TASK TO COMPLETE |
Starting at the line below with "Modna Bransoletka Z Białymi Kwiatkami Złota" and stopping at the line with "- MU – Pulling", please print each line exactly, those two included, and skip every picture.

RECORDS PROVIDED |

**********

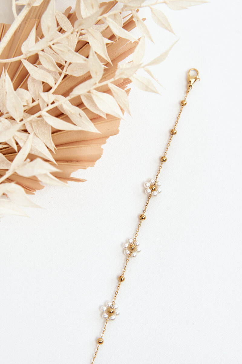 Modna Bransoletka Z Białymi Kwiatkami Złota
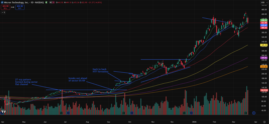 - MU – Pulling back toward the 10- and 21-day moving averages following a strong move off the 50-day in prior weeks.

**********

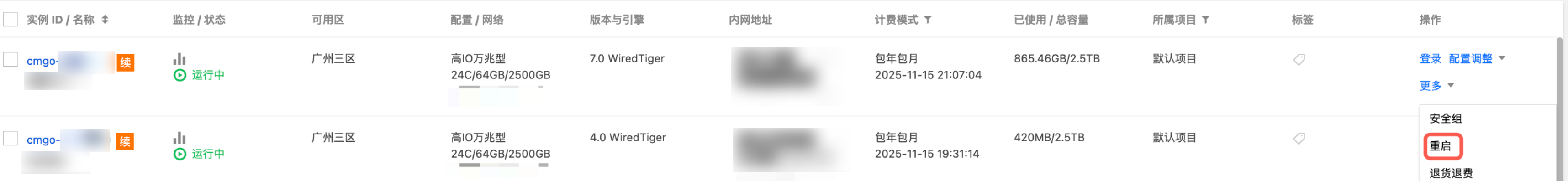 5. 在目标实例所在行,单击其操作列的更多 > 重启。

**********

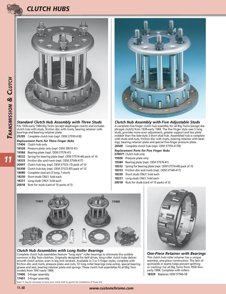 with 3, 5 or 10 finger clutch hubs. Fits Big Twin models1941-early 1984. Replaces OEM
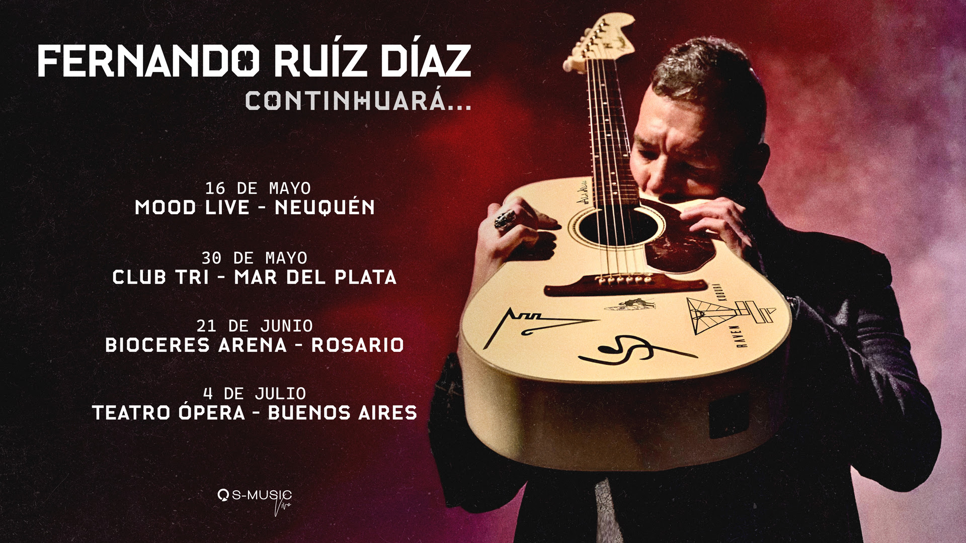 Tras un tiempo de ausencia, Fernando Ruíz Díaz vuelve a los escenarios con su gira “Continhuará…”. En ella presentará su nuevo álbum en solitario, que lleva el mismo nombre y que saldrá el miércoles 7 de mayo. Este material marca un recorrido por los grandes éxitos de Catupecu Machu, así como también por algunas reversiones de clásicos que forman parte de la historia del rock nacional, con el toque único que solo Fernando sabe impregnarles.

**********

RESULT OF THE EXERCISE |
 Modna Bransoletka Z Białymi Kwiatkami Złota
 - MU – Pulling back toward the 10- and 21-day moving averages following a strong move off the 50-day in prior weeks.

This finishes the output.